[Facets-of-complexity] Invitation to Monday Lecture & Colloquium - May 20th 2019

["Ita Brunke" <i.brunke@inf.fu-berlin.de>]

You are cordially invited to our next Monday Lecture & Colloquium on May
20th at 14:15 h & 16:00 h at TU Berlin.

Location:
Room MA 041 - Ground Floor
Technische Universität Berlin
Straße des 17. Juni 136
10623 Berlin

Time: Monday, May 20th - 14:15 h

Lecture: Matthew Kahle (Ohio State University)

Title: Configuration spaces of hard disks in an infinite strip
Abstract:
This is joint work with Bob MacPherson. We study the configuration space
config(n,w) of n non-overlapping disks of unit diameter in an infinite
strip of width w. Our main result establishes the rate of growth of the
Betti numbers for fixed j and w as n → ∞. We identify three regions in the
(j,w) plane exhibiting qualitatively different topological behavior. We
describe these regions as (1) a “gas” regime where homology is stable, (2)
a “liquid” regime where homology is unstable, and (3) a “solid” regime
where homology is trivial. We describe the boundaries between stable,
unstable, and trivial homology for every n ≥ 3.

Coffee & Tea Break :

Room MA 316 - Third Floor [British Reading]

Time: Monday, May 20th - 16:00 h s.t.

Colloquium: Davide Lofano (Technische Universität Berlin)

Title: Collapsible vs Contractible
Abstract:
Probably the most studied invariant in Topological Data Analysis is the
homology of a space. The usual approach is to triangulate the space and
try to reduce it in order to make the computations more feasible.

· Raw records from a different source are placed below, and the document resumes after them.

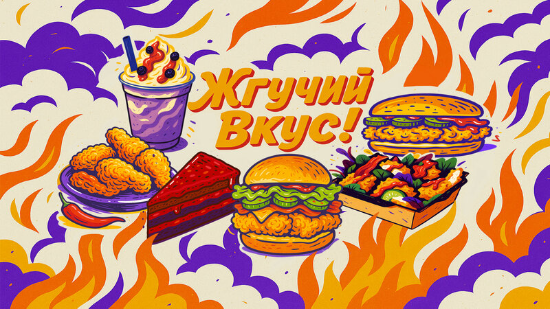 Пряный соус, маринованные огурчики, репчатый лук, салат айсберг, куриное филе (в фирменной панировке (7трав и 5 перцев)) и кетчуп, всё на булочке с кунжутом.
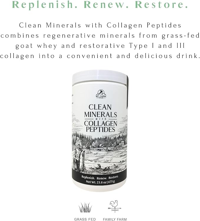 - Combines regenerative minerals from grass-fed goat whey and restorative type I and III collagen into a convenient and tasty drink
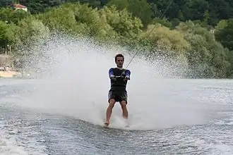 Waterskiën is een watersport waarbij een skiër door mechanische trekbeweging (meestal door een boot, soms door een kabelskibaan) op ski's of blote voeten over het water voort getrokken wordt.

A common
reduction technique is that of collapsing. In a collapsing process we
perform a sequence of elementary collapses, where at each step we delete a
free face and the unique facet containing it. If we are able to reduce a
complex to one of its vertices then we say it is collapsible and its
homology is trivial. Collapsibility implies that the space is contractible
but the converse is not always true, probably the best known example is
the Dunce Hat.
We are going to explore the difference between these two concepts and look
for minimal examples of contractible non collapsible complexes in each
dimension and how often they arise.